Build a website with blogdown in R

WORKSHOP INSTRUCTORS:

Tatjana Kecojevic, Katarina Kosmina, Tijana Blagojev

The workshop is applicable to anyone who want to leverage R’s flexibility to generate static websites using open source technologies through the RStudio.

The workshop will provide a practical guide for crateing websites using the blogdown package in R that allows you to create websites from R markdown files using Hugo, an open-source static site generator written in Go. In this workshop you will learn how to create dynamic R Markdown documents to build static websites allowing you to use R code to render the results of your analysis. The blogdown through the use of R Markdown allows technical writing allowing you to add graphs, tables, LaTeX equations, theorems, citations, and references. This makes blogdown a perfect tool for designing websites to communicate your R data story telling or just awesome general-purpose websites. After you create your awesome website using the blogdown and HUGO template you will push it onto your GitHub and deploy on Netlify all free of charge.

Objectives:
– Apply HUGO theme to create a website using the blogdown
– Perosnalise the website
– Deploy site from your computer to the Internet
– Use GitHub for version control
– Use Netlify for continuous deployment
– Updating your website: serving site, push to GitHub, deploy


This will be a hands-on workshop where students are expected to work simultaneously with the tutor. The workshop will be delivered in two parts. Part I will focus on introducing the blogdown package and familiarising you with the structure of HUGO’s website templates. You will build your first website and make some basic changes that would personalise your website. Once you have created your website you will learn how to add the post, how to customise it and finally how to deploy it.

Indicative programe:

Part I: Creating websites using the blogdown and HUGO
– Introducing the blogdown and HUGO (5 min)
– set up a working environment (10min)
– install/update packages
– connect to GitHub (10min)
– Building a website (50min)
– understanding Hugo content:subdirectories/pages
– Personalise the website
– Q/A time (15min)


Part II: Making changes and deployment – Adding posts to your website (30min)
– Adding images and tables to your posts (15min)
– Customise the look (15min)
– Deploying in Netlify through GitHub (15min)
– Hoste your site as rbind subdomain (5min)
– Q/A time(10min)


You will be able to continu your blogdown learning journey by checking full blogdown documentation freely available from [blogdown: Creating Websites with R Markdown book](https://bookdown.org/yihui/blogdown/).

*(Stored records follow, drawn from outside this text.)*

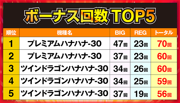 60回を記録した1台をはじめ、3位から5位には「ツインドラゴンハナハナ-30」が名を連ねた。
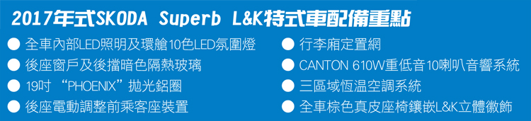 另外,SKODA Taiwan針對搭載280hp最大馬力輸出及全時四輪驅動設定的尊榮動力版車型,也就是這次的試駕車,贈送了價值超過30萬的L&K配備,等於是把許多選購配備都追加進來。其他包括其新設式樣車內電子自動防眩後視鏡、新排檔頭造型以及強化抗酸雨、防水效能的鍍鉻窗框等,也都是2017年式Superb的新增配備!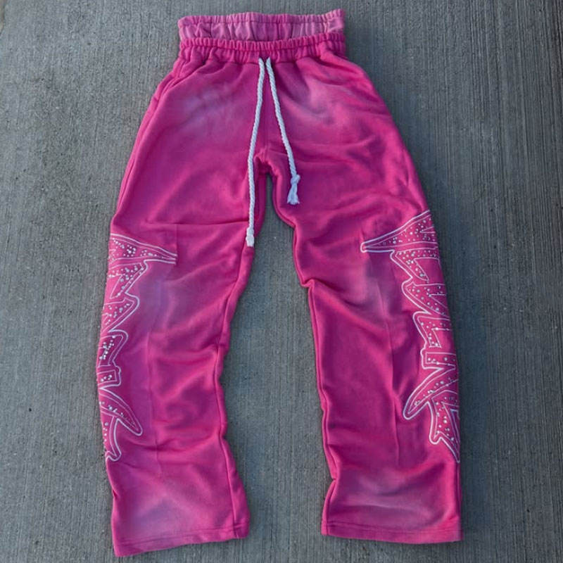 Factory Custom Double Waist Drawstring Screen Printed Rhinestone Bleach Washed Straight Woolen Jogger Lightweight Men's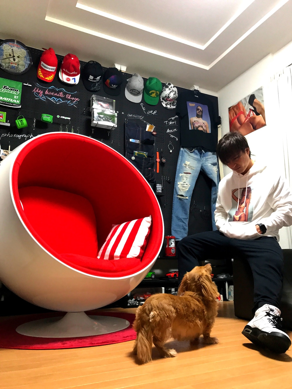 この前の日曜は大阪に行ってました^_^ ルクアにあるヒステリックグラマーにお邪魔してお相手していただきました(*^ω^*) 出掛けて各地のヒステリックグラマーに行くのも楽しいですね〜 次は他の店舗に行くかな♪ 今回は服とか買う予定もなく空いてる時間にプラプラしてたのですが、あるショップの前を通った時になんとSENSE表紙のパーカーがあった! 表紙見た時に自分好みやなと思いつつ特にブランドや値段は確認してなかったのですが気になってたので店に入り試着! 自分に合うサイズが1着だけ! しかもホワイトのパーカー! ヤバいやん!と思いつつ値段聞いたら・・・64800円! マジか!高すぎるやん!と定員に向かって言ってしまった(笑) でもカッコいいし好きな感じやから1時間近く喋りながら考えて結局買ってしまった( ̄▽ ̄;) パーカーに6万オーバーは初やわ(^_^;) でもこれからの季節に役立つな! 綺麗に長く着るぞ! という事もあり衝動買いは辞めなきゃな・・・ そんな1日でした(笑) インナーは見えないけどお気に入りのヒス×PLAYBOY! これから節約しますか〜
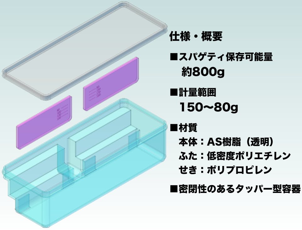 この製品の考案のきっかけは、スパゲティ料理を自分で作るようになったことです。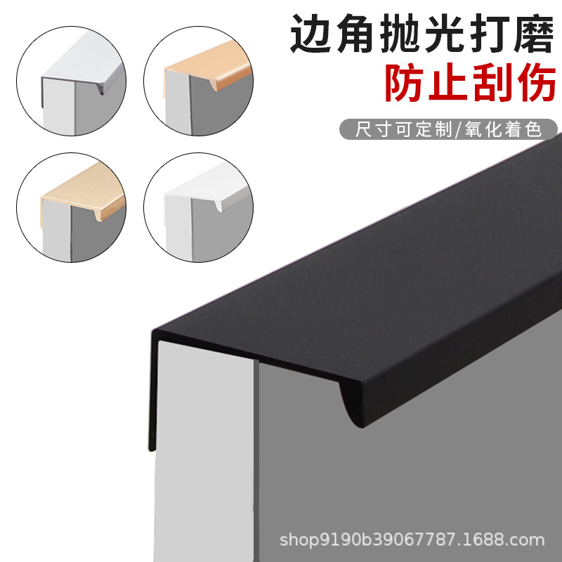 Pegangan tidak terlihat, laci pintu kabinet minimalis modern mewah pegangan pintu lemari emas hitam panjang pegangan pintu samping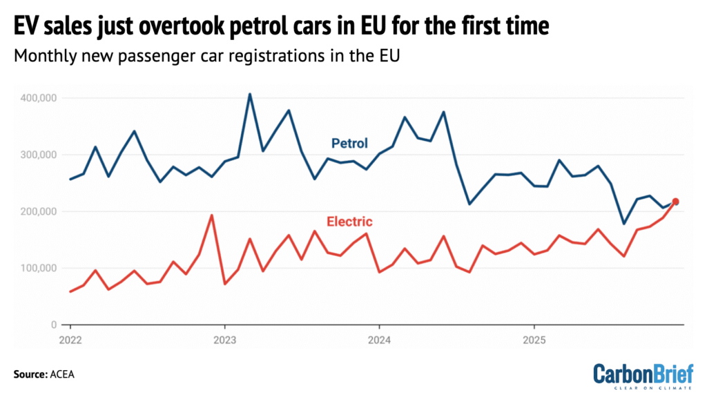 Sales of electric vehicles (EVs) overtook standard petrol cars in the EU for the first time in December 2025, according to new figures released by the European Automobile Manufacturers’ Association (ACEA) and covered by Carbon Brief. Registrations of “pure” battery EVs reached 217,898 – up 51% year-on-year from December 2024. Meanwhile, sales of standard petrol cars in the bloc fell 19% year-on-year, from 267,834 in December 2024 to 216,492 in December 2025, according to the analysis.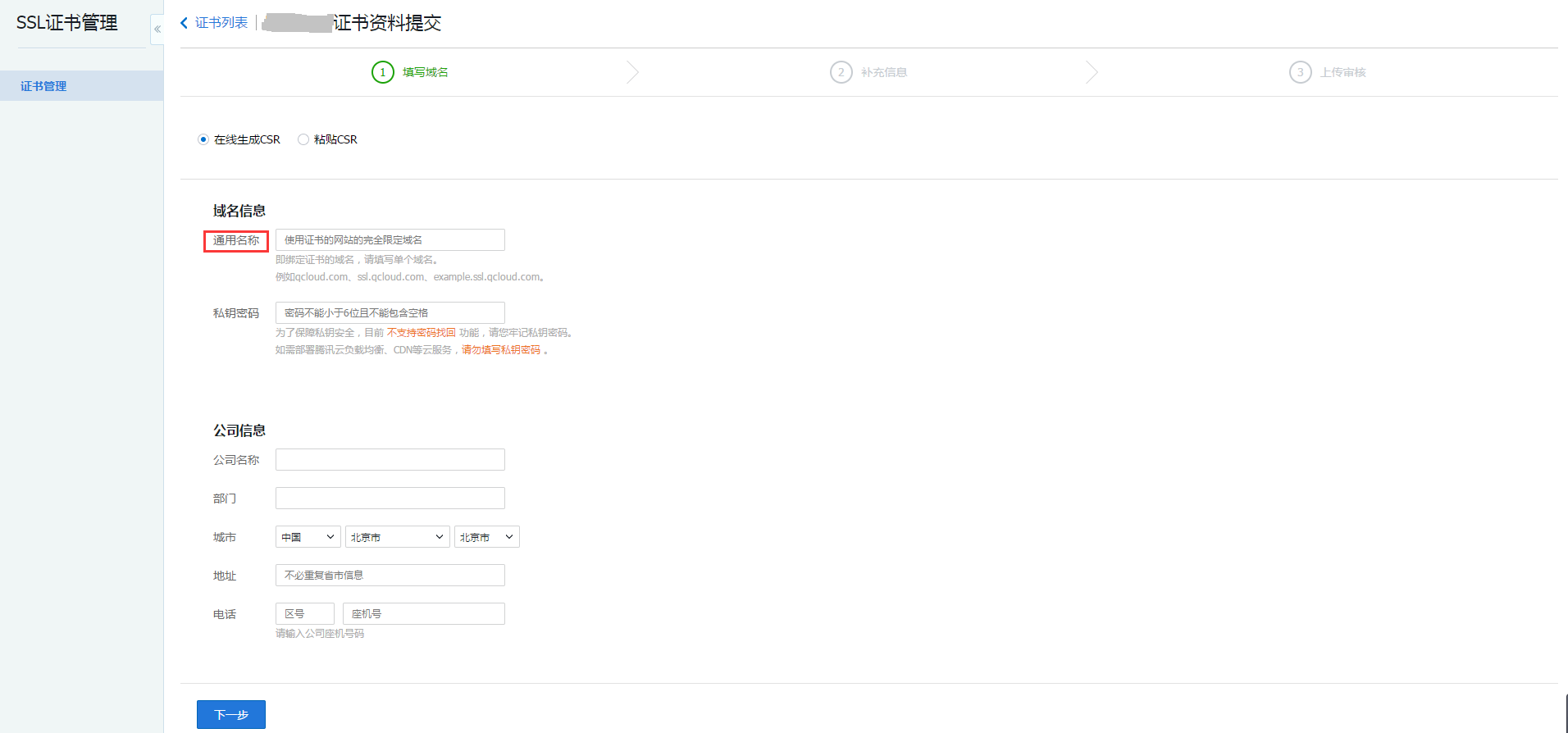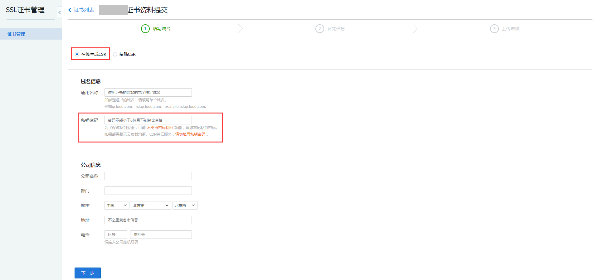 CSR生成分两种方式,可任选一种进行CSR生成 在线生成CSR,可选填私钥密码(填写后不可更改)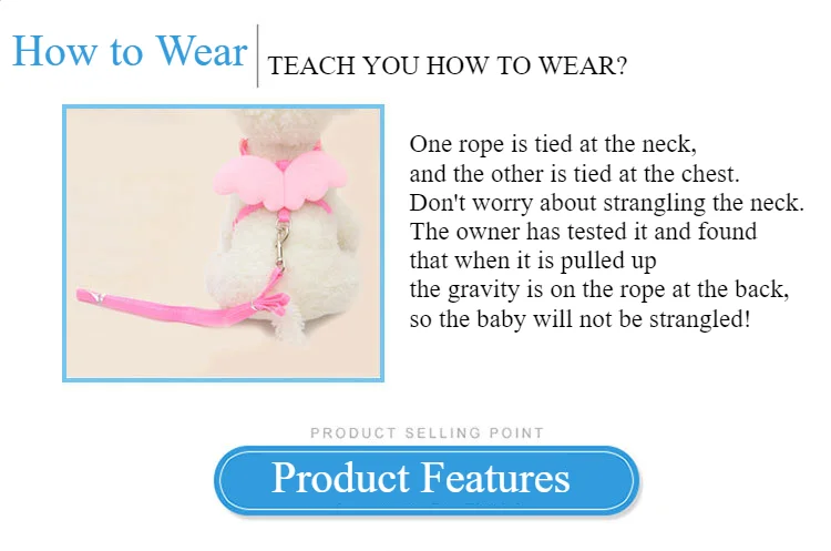 Pet Traction Rope Angel Wings Rabbit Walking Rope Cat Traction Belt Retractable Adjustable Length Chest Harness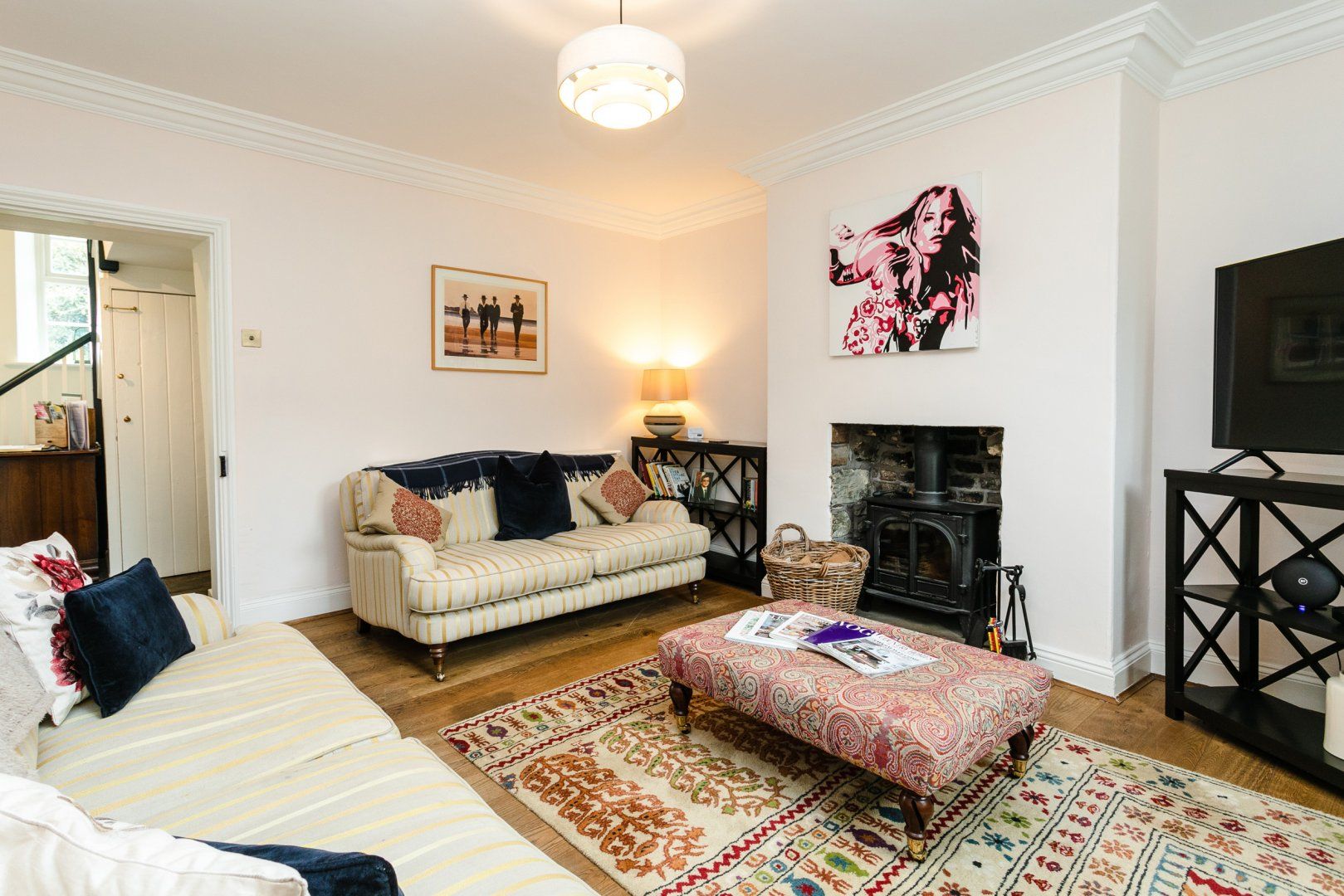 Amenities Gas central heating with woodburning stove. Range oven and grill, gas hob, microwave, fridge, freezer, washing machine, tumble dryer, dishwasher. 1 x TV, selection of books, WiFi. Fuel and power inc. in rent. Bed linen and towels inc. in rent. Unallocated roadside parking. Gardens, decking, patio furniture. One well-behaved dog welcome. Sorry, no smoking or vaping. Shop 0.1 miles, pub 0.1 miles, beach 1 miles. Refundable service charge applicable.

Bring your R Application Safely to Production. Collaborate, Deploy, Automate.

WORKSHOP INSTRUCTORS:

Riccardo Porreca, Peter Schmid

If you are looking for a hands-on introduction to CI/CD pipelines with a structured approach to collaborative development, this is the workshop you are looking for. To get your head around pull requests and branches, travis.yml files, workflows and processes for controlled development and deployments using free open source tools, all you need is your laptop (with R 3.6.x, RStudio and Git installed), a GitHub account and joining us.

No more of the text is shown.